The beach did its thing around us. Waves. Sun. A kid somewhere doing something with a bucket.
"Well," Nathan said.
He turned to face me.
He had the expression that had no wall in it. The one I'd been collecting since the first game and seeing fully for months and which in this configuration—hat crooked, sunscreen applied at the correct interval, water bottle in the cupholder—was almost too much.
"Yeah?"
"Yeah," I said. "Sorry. It just—" I moved my hand. "Came out."
"You've been carrying it since last Tuesday," he said.
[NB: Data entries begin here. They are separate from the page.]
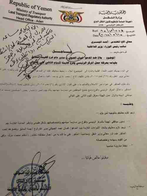 في سابقة هي الأولى بتاريخ عدن وزير الداخلية يأمر باعتقال مدير عام هيئة النقل البري قالت مصادر عمالية في هيئة تنظيم النقل البري بالعاصمة عدن أن معالي نائب رئيس الوزراء ووزير الداخلية أ...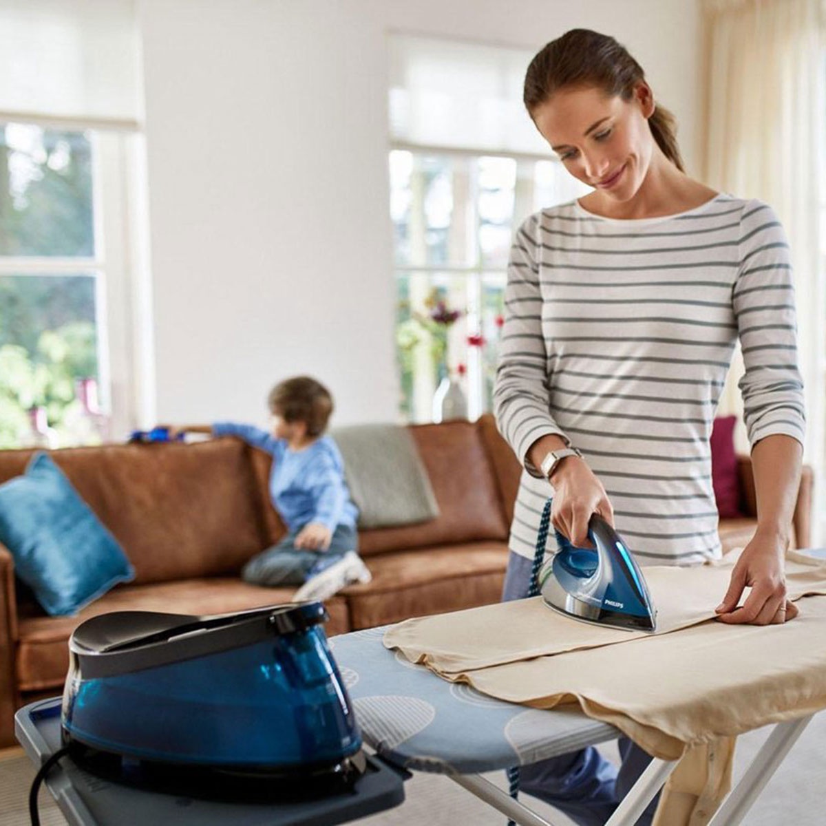 Heeft u een hekel aan strijken omdat het zoveel tijd en moeite kost? Ontdek een snellere, eenvoudigere en slimmere manier van kledingverzorging met de Philips PerfectCare Compact GC7846/80 stoomgenerator. Dit apparaat is een ware krachtpatser in een verrassend licht en compact formaat. Het is ontworpen om uw strijkwerk drastisch te versnellen en u de absolute gemoedsrust te geven dat u nooit meer een kledingstuk zult verbranden.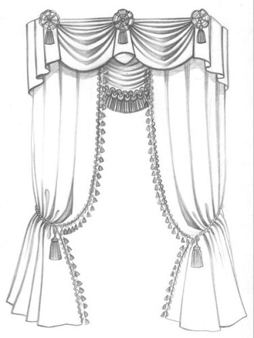 Главная задача дизайнера – включить в эскизы ламбрекенов и штор нюансы: от складок и разрезов на ткани, до подхватов и изгибов. Декоры для штор сразу бросаются в глаза, поэтому их тщательно выделяют, используя толстый карандаш.
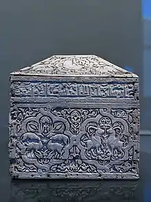 The Leyre Casket (Arqueta de Leyre, Museo de Navarra inventory number 1360-B, also known as the Leire Casket, Pamplona Casket) is one of the jewels of Hispano-Arab Islamic art. It is a casket or reliquary made of elephant ivory which was made in 1004/5 in the Caliphate of Cordoba.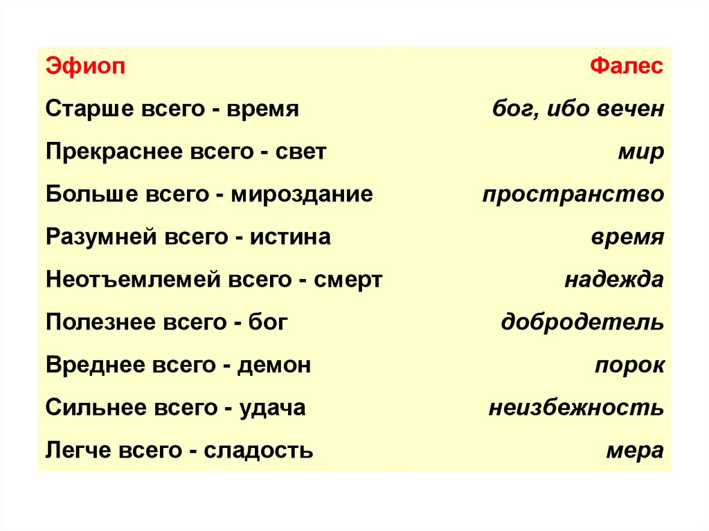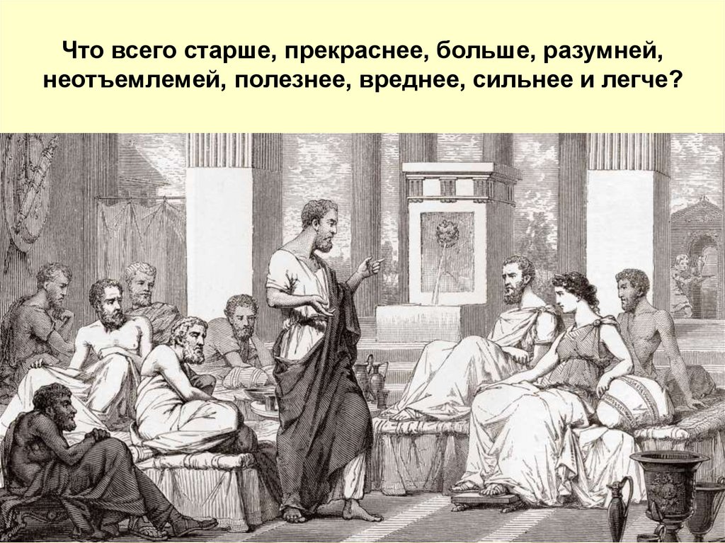 Что всего старше, прекраснее, больше, разумней,неотъемлемей, полезнее, вреднее, сильнее и легче?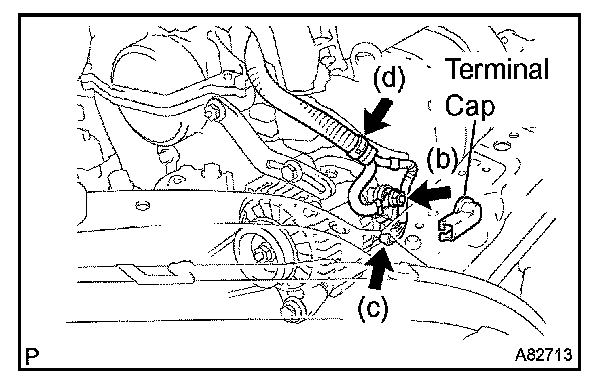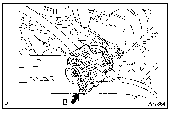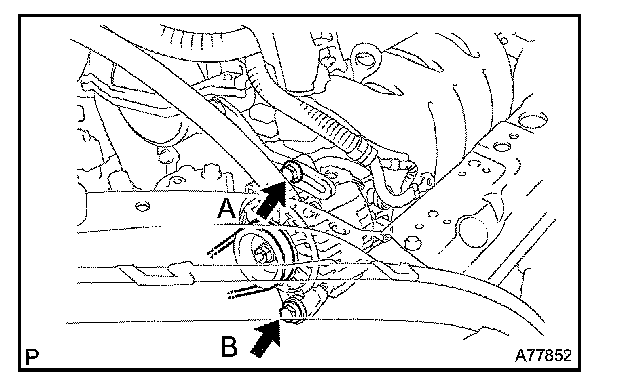 b. Temporarily install the fan belt adjusting bar with bolt A, and tighten the nut to the specified torque.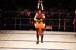 As well as being opposed by Batista and The Undertaker, the group faced a different kind of opposition from Chavo Guerrero Jr. Chavo, Vickie's nephew, voiced his misgiving about her relationship with Edge, thinking it disrespected the Guerrero name, alluding to Vickie being the off-screen widow of Eddie Guerrero.[11] Despite being forced to face Edge's enemies,[12] Chavo was soon brought around and welcomed into the group when Edge appeared on ECW on Sci-Fi in mid-January to help Chavo win contendership for the ECW Championship by beating CM Punk, having lost twice already.[13] Using her power to influence ECW General Manager Armando Estrada, Vickie turned Chavo's championship match into a no disqualification and with Edge using a spear on Punk, Chavo became the ECW Champion on January 22.[14] With two World Championships in their possession, Edge and Vickie's relationship fully established, and Chavo fully on board, the group began to act as a family, thereby calling themselves La Familia.

I stared at him. "How do you know?"
"You've had a look since Tuesday."
He wasn't wrong.
"Nathan," I said.
"Yes."
"Do you have something to say to me?"
His eyes went to the book. Then to the water. Then back to me.
"I love you too," he said. "Obviously."
"Obviously," I repeated.
"It's been fairly evident," he said. "For some time."
"It has? For how long?"
"Probably two years."
I sat with that for a second. Nathan Cross, in his slightly crooked hat, water bottle in the cupholder, having just told me he'd been in love with me for probably two years with the same tone he used to report clinical findings.
"Okay," I said.
"Okay," he said.
He went back to his book.
After a moment, I reached over and straightened his hat.
He didn't look up.
But the corner of his mouth did the thing.
The water did its thing.
I was smiling so hard it hurt and there was nobody to perform it for and it was just my face doing something true in the sun on a beach somewhere that wasn't Boston.
I was in love with Nathan Cross.
He had said obviously.
I was going to be thinking about that for a very long time.